- Exercise
Return the data below exactly, minus the pictures.
:: Information provided ::
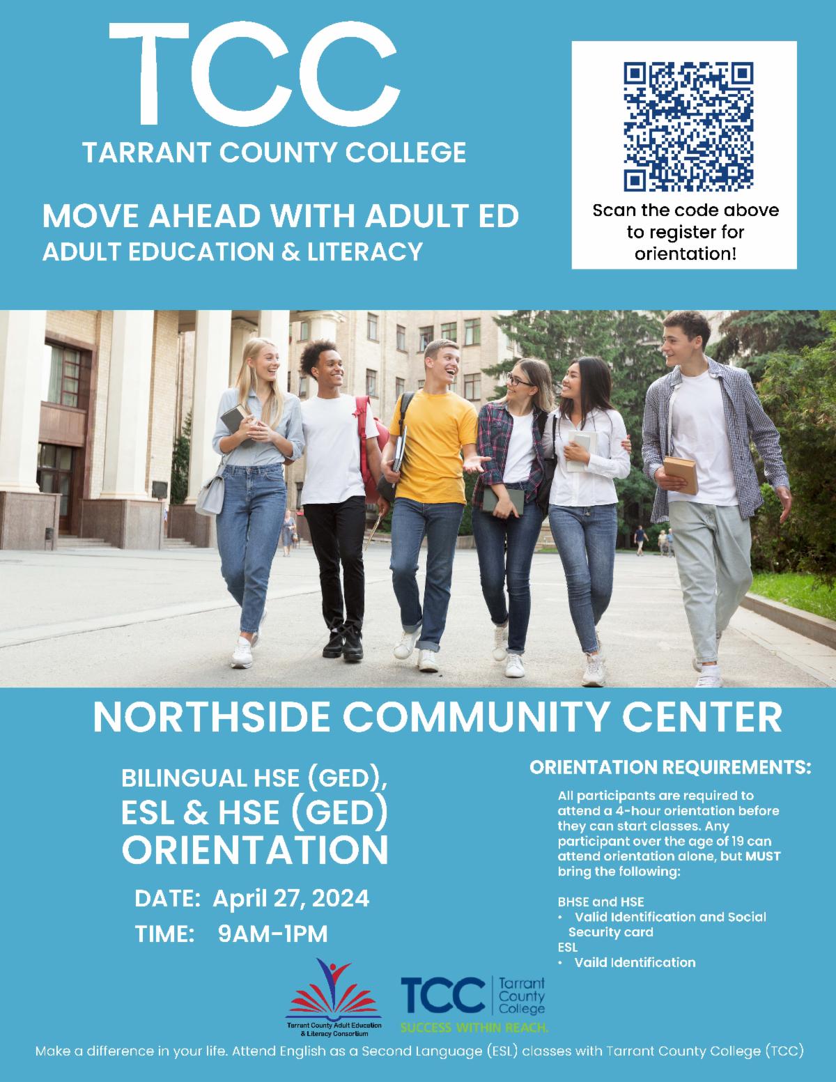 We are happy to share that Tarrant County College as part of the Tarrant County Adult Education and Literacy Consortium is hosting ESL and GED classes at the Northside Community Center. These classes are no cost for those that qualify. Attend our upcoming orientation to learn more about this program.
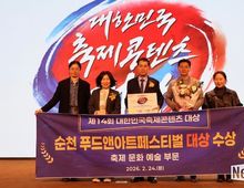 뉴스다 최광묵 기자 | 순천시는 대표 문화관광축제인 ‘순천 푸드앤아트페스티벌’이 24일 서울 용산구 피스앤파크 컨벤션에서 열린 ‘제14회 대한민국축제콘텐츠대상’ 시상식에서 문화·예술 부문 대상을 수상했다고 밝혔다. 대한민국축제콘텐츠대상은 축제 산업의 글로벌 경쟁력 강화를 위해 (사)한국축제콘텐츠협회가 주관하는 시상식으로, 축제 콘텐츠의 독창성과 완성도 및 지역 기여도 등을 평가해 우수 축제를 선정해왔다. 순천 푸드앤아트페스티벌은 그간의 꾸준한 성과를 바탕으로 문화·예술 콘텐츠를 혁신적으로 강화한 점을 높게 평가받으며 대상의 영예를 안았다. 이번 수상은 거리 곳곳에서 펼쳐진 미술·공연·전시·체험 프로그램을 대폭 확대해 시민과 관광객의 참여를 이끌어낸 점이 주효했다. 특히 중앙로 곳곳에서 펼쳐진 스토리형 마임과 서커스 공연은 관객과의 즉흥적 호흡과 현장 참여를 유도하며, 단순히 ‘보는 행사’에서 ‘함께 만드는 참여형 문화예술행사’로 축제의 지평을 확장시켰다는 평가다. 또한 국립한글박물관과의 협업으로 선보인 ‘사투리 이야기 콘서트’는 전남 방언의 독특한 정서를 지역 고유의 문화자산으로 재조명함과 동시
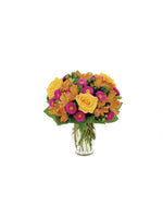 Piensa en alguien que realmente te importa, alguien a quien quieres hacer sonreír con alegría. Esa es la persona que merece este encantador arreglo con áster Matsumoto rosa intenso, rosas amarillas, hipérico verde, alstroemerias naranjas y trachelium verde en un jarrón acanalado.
:::
- Solution to this exercise
 We are happy to share that Tarrant County College as part of the Tarrant County Adult Education and Literacy Consortium is hosting ESL and GED classes at the Northside Community Center. These classes are no cost for those that qualify. Attend our upcoming orientation to learn more about this program.
 뉴스다 최광묵 기자 | 순천시는 대표 문화관광축제인 ‘순천 푸드앤아트페스티벌’이 24일 서울 용산구 피스앤파크 컨벤션에서 열린 ‘제14회 대한민국축제콘텐츠대상’ 시상식에서 문화·예술 부문 대상을 수상했다고 밝혔다. 대한민국축제콘텐츠대상은 축제 산업의 글로벌 경쟁력 강화를 위해 (사)한국축제콘텐츠협회가 주관하는 시상식으로, 축제 콘텐츠의 독창성과 완성도 및 지역 기여도 등을 평가해 우수 축제를 선정해왔다. 순천 푸드앤아트페스티벌은 그간의 꾸준한 성과를 바탕으로 문화·예술 콘텐츠를 혁신적으로 강화한 점을 높게 평가받으며 대상의 영예를 안았다. 이번 수상은 거리 곳곳에서 펼쳐진 미술·공연·전시·체험 프로그램을 대폭 확대해 시민과 관광객의 참여를 이끌어낸 점이 주효했다. 특히 중앙로 곳곳에서 펼쳐진 스토리형 마임과 서커스 공연은 관객과의 즉흥적 호흡과 현장 참여를 유도하며, 단순히 ‘보는 행사’에서 ‘함께 만드는 참여형 문화예술행사’로 축제의 지평을 확장시켰다는 평가다. 또한 국립한글박물관과의 협업으로 선보인 ‘사투리 이야기 콘서트’는 전남 방언의 독특한 정서를 지역 고유의 문화자산으로 재조명함과 동시
 Piensa en alguien que realmente te importa, alguien a quien quieres hacer sonreír con alegría. Esa es la persona que merece este encantador arreglo con áster Matsumoto rosa intenso, rosas amarillas, hipérico verde, alstroemerias naranjas y trachelium verde en un jarrón acanalado.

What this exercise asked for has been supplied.